Это уже тот, здоровый, чуть ли не единственный из них, кто реально походил на преступника.

– На сегодняшний день нам известно двенадцать. – Повезло, что я в очередной раз знал ответ на заданный вопрос, – в чем-то преподавание оказывается почище иных экзаменов. – Это если включать людей. Но о существовании двух рас из этих двенадцати мы узнали совсем недавно, буквально в последние десятилетия. Так что в любой день кто-нибудь может открыть и тринадцатую.

– Двенадцать… Символическое число, – задумчиво, я бы даже сказал, мечтательно произнес обладатель очков. – Двенадцать апостолов, двенадцать знаков зодиака, двенадцать месяцев…

– Что значит «двенадцать месяцев»? – вмешался здоровяк. – А тринадцатый куда подевался?

– Сказка старая есть с таким названием, – отозвался очкарик.

– На Земле – той, старой – год состоит из двенадцати месяцев, – подсказал я.

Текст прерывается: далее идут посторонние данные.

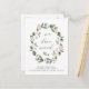 Este anúncio de mudança de endereço elegante e moderno apresenta uma coroa de água-forte feita de folhas e bagas verdes escuras em um fundo branco. A tipografia de letra moderna diz "mudamos", e há espaço para adicionar seu nome e informações do novo endereço.

– Ух ты! А которого у них нету? – осведомился толстяк с чисто детской непосредственностью.

– У них там вообще вся система другая, – ответил уклончиво, не стремясь признаваться, что названий земных месяцев просто-напросто не знаю.

– А сколько у них дней в году?

– А сутки длиннее, чем у нас, или короче?

Пожалуй, с уверенностью можно было сказать, что мой первый урок удался.

– Кто все эти люди? – спросил я у Раджера, вновь оказавшись в одном из служебных помещений.

Тюремщик помог мне снять «пояс безопасности», у которого была довольно-таки хитрая застежка.

– Убийцы, – просто ответил он.

– Что, все?

Я недоверчиво вытаращил на него глаза.

– В той или иной степени. Но здесь только те, у кого нет отягчающих обстоятельств, таких отправляют во вторую категорию. Рецидивисты, террористы, убийства с особой жестокостью – это все не у нас. Политические тоже. А здесь – те, у кого дела попроще.

– И что, у них такие хорошие условия? Телевизор в камере, широкий выбор курсов, обед из трех блюд?

Я кивнул в сторону кухни, мимо которой мы проходили всего пару минут назад. Нам вослед до сих пор тянулись вполне впечатляющие запахи.

Тюремщик усмехнулся с видом человека, понимающего что-то, чего не может пока уразуметь его собеседник.

– Их приговаривали не к плохим условиям, а к лишению свободы, – заметил он. – Это сурово само по себе, ты постепенно поймешь. Но вообще во «вторых» тюрьмах условия намного тяжелее.

Я задумался, пробуя проникнуться позицией Раджера, но в итоге лишь пришел к выводу, что разделить его точку зрения не могу. Для преступников, получивших срок за убийство, наказание казалось слабоватым. Мысли переключились собственно на преступников, которых я видел совсем недавно и которые так оживленно закидывали меня вопросами о далеких планетах и разумных расах.

– А этот, с очками? – не удержался от вопроса. – Он что, тоже кого-то… того?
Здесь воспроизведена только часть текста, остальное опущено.